February 17th 2025. I have always believed in the Doctrine of Grace since I became a Christian at the age of 14, but it is taking a lifetime to really grasp the meaning and scope of it. Early on I learned the acrostic-definition God’s Riches At Christ’s Expense. Also I learned it’s connection with the doctrine of Justification by Faith, especially when it was explained that to be “justified” meant “just-as-if-I’d-never-sinned”. My theological studies, confirmed by my relations with other church ministers, taught me that Grace was very much a Protestant doctrine – borne out at an ecumenical fraternal in the 1970’s, when – during a discussion about Believers being assured of Heaven – the Catholic Priest chipped in “…..as long as they’ve toed the line!” (To be fair, this view of Catholic priests as having no doctrine of Grace, was reversed over twenty years later, when at a public ecumenical meeting to understand our denominational emphases, a visiting Catholic theologian presented such a refreshing exposition of the Doctrine that I doubt Luther or Calvin could have bettered!)

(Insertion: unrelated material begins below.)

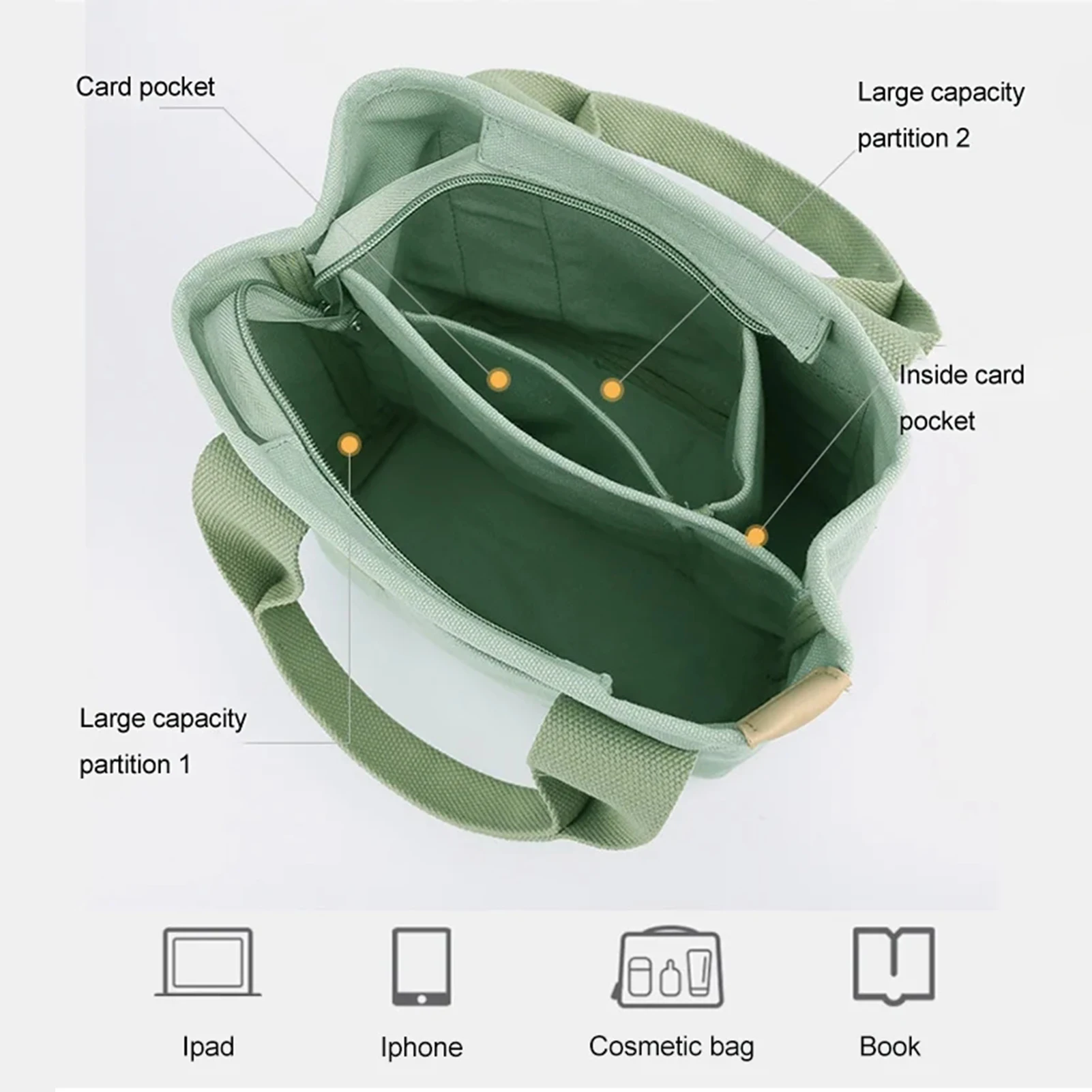 En conclusion, le petit sac à main en toile avec fermeture éclair pour femme, bento portable, boîte à lunch simple, multi-poches, couche-culotte, mère, bébé, design japonais est un accessoire pratique et polyvalent. Avec sa capacité raisonnable et sa résistance aux éclaboussures, il répondra à tous vos besoins quotidiens. Son design élégant en fait un choix idéal pour les femmes à la recherche d’un sac à main fonctionnel et tendance.

To come back to my title, Guilt and Grace are mutually exclusive. Coming to a decisive faith at the age of fourteen, I was expected in my evangelical church youth fellowship to give a Testimony – regularly! You heard some that seemed a bit far-fetched – like “I lived a life committing terrible sins, then I was gloriously saved – at the age of five”! (I am exaggerating!) But, coming to faith as a teenager, when hormones could be running riot without permission, and there were girls in the group, there were plenty of reasons to confess sinful thoughts to God at bedtime prayers! For me, personally, it took decades before I really grasped the full meaning of Grace (and it was the “Freedom in Christ” course, mentioned in an earlier post, that helped me with this). I came to realize that (a) no sin that I might commit will make God love me less, (b) no form of ‘penance’ (not the same as repentance) will cause God to love me more, (c) Satan will have no grounds on which to accuse me before the Father, and (d) even though nothing that I do, say, or think escapes God’s notice, he chooses only to see me clothed in the pure righteousness of Christ!
Guilt, as I have come to realise, is quite useless at enabling me to turn away from a bad direction I’ve been going in. Satan loves us to wallow in guilt and make us feel we will never get better so there’s no point in praying about it. The only ‘effort’ that we can exercise to change a sinful direction or pattern is to Believe God for the salvation he wrought through Christ at Calvary, and to thank him for the Grace he showered on us with forgiveness and Holy Spirit-renewal!